# What you will do
Restate the data below word for word, and let no image into your version.
====== Data excerpt ======
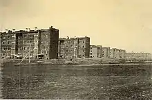 In 1931–1933, city blocks were built, which consisted of residential complexes for 500–1000 people, including 4-storey residential buildings, public buildings and institutions for children. The houses were located parallel to each other, forming two rows, between which greened streets should have been created.
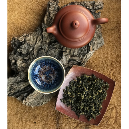 Високогірний улун, осінній збір, слабка обсмажування листя. Трав'янистий аромат чаїнки з нотами злаків, а смак настою трав'янистість змішана з цукерковою насолодою. Чай поступово насичується і розкривається, але все чаювання залишається чистим і прозорим, що обпалює, як холодне гірське повітря.
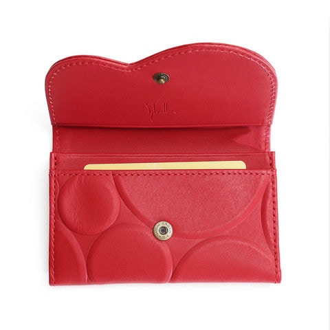 ドット柄に合わせたスカラップ風のカットを施し、やわらかく個性的な印象に仕上げています。さりげなくも他にはないデザインで、バッグから取り出した瞬間に視線を集めます。
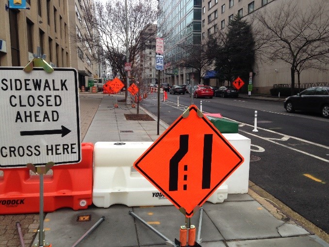 中心区道路是方格式路网,交叉口间距小,通达性很高。人行道宽敞,步行空间良好。平常走去会场的路上,注意到大部分道路限速在25mph(40km/h)左右,营造了较为安全的交通环境。另外,道路施工的管理措施十分到位。有各种警示标志,既有提醒前方施工,也有提醒车道变窄;若影响到行人通行,还会有标志提醒人行道关闭,同时配有指示标志指引行人绕行;在施工地点前方和后方分别设置有施工起点和终点标志。而且,在学校附近会有标志提醒驾驶员注意进入学校路段。虽然国内也有类似做法,但是却没有设立标志提醒学校路段在何处结束。从这些细节可以看出,华盛顿道路管理十分细致,值得学习借鉴。
======
# Answer to this task
 In 1931–1933, city blocks were built, which consisted of residential complexes for 500–1000 people, including 4-storey residential buildings, public buildings and institutions for children. The houses were located parallel to each other, forming two rows, between which greened streets should have been created.
 Високогірний улун, осінній збір, слабка обсмажування листя. Трав'янистий аромат чаїнки з нотами злаків, а смак настою трав'янистість змішана з цукерковою насолодою. Чай поступово насичується і розкривається, але все чаювання залишається чистим і прозорим, що обпалює, як холодне гірське повітря.
 ドット柄に合わせたスカラップ風のカットを施し、やわらかく個性的な印象に仕上げています。さりげなくも他にはないデザインで、バッグから取り出した瞬間に視線を集めます。
 中心区道路是方格式路网,交叉口间距小,通达性很高。人行道宽敞,步行空间良好。平常走去会场的路上,注意到大部分道路限速在25mph(40km/h)左右,营造了较为安全的交通环境。另外,道路施工的管理措施十分到位。有各种警示标志,既有提醒前方施工,也有提醒车道变窄;若影响到行人通行,还会有标志提醒人行道关闭,同时配有指示标志指引行人绕行;在施工地点前方和后方分别设置有施工起点和终点标志。而且,在学校附近会有标志提醒驾驶员注意进入学校路段。虽然国内也有类似做法,但是却没有设立标志提醒学校路段在何处结束。从这些细节可以看出,华盛顿道路管理十分细致,值得学习借鉴。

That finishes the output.